Это малый, принципиально находящийся всегда в оппозиции к хозяйке, совершенно независимо от ее качеств, и с наслаждением цепляющийся за всякий повод, чтобы устроить ей принципиальный скандал.

Хозяйка, впрочем, мало его боится, не ставит ни в грош и отлично отбранивается.

Остальные жильцы бесцветны и составляют как бы квартирный инвентарь.

Утром намеренно громко — чтобы все жильцы слышали — хозяйка заявляет в коридоре прислуге:

— 11 градусов на дворе... Топить-то, пожалуй, не надо.

Общий любимец сейчас же весело отзывается за дверью:

— Конечно, не надо. Куда там топить — жарище.

— Виноват... позвольте...

В коридор выходит господин с тиком и печенью.

— Позвольте, то есть как это не топить? — спрашивает он, дергаясь и кривя бледные губы.

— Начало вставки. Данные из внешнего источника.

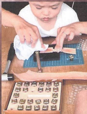
イニシャルなどを刻印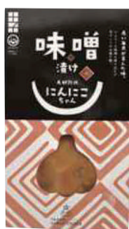
田子町にんにく国際交流協会 にんにく味噌漬け (100g)【16-008】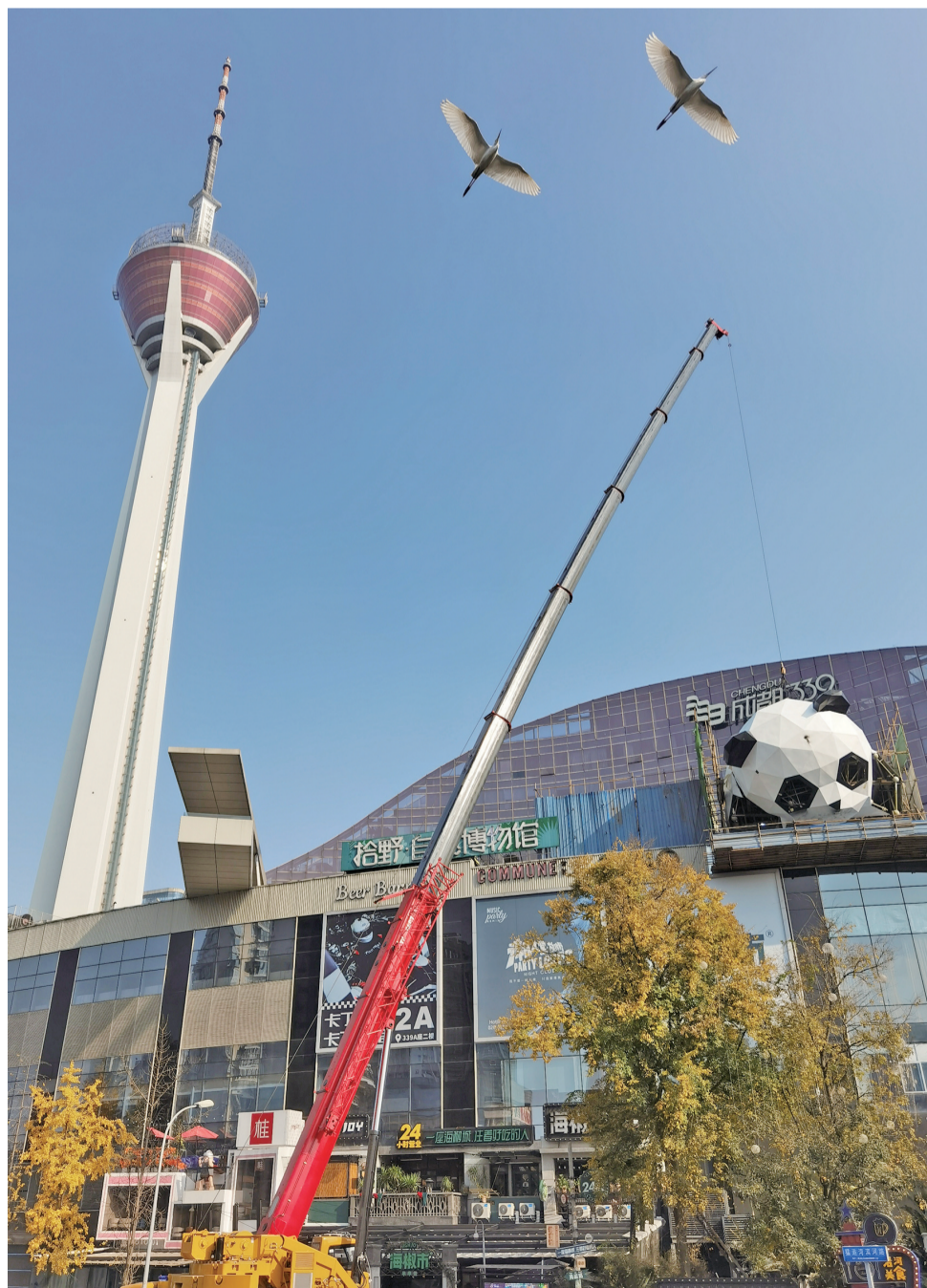
“大熊猫”又上楼啦!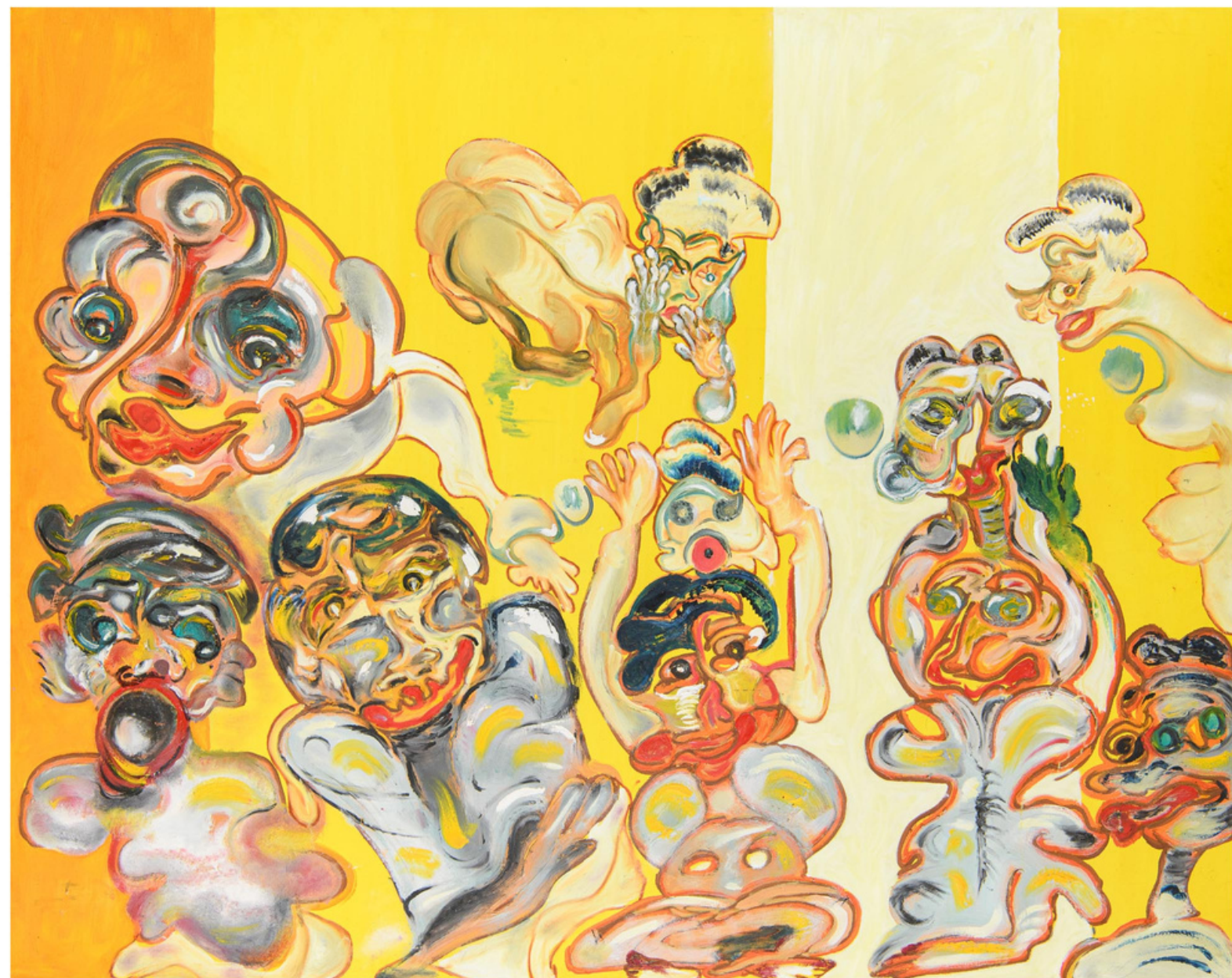
Fathiya Tahiri, Inspiration, 2023, Huile sur toile, 200 x 250 cm

— Да ведь одиннадцать градусов на дворе...

— Виноват, позвольте... Но платил-то я за целый месяц топки, или как?

— На, за целый, да ведь...

— Виноват, позвольте... Как же это вы не будете топить, раз вы сами сейчас подтвердили, что взяли за целый месяц топки?...

— Но ведь 11 гра...

— Виноват, позвольте. Это уж вас не касается: 11 или 111. Но раз вы взяли за целый месяц топки...

— Да ведь вам же будет жарко, — говорит хозяйка, обливаясь уже потом, готовая не только топить, но и поджечь всю квартиру, ненавидя желчевика всеми силами души и страдая от этой ненависти.

— Виноват. Позвольте. Это уже касается мена: жарко мне будет или не жарко. Но раз вы взяли за целый месяц топки, вы обязаны...

— Обязана. — Грохочет вдруг новый голос. — Не смеет не топить. Заставим.

Это выскочил в коридор всклокоченный и полуодетый бунтовщик. Он давно уже порывался выскочить, но

начало спора застало его в постели, и он должен был натянуть хоть подштанники и брюки.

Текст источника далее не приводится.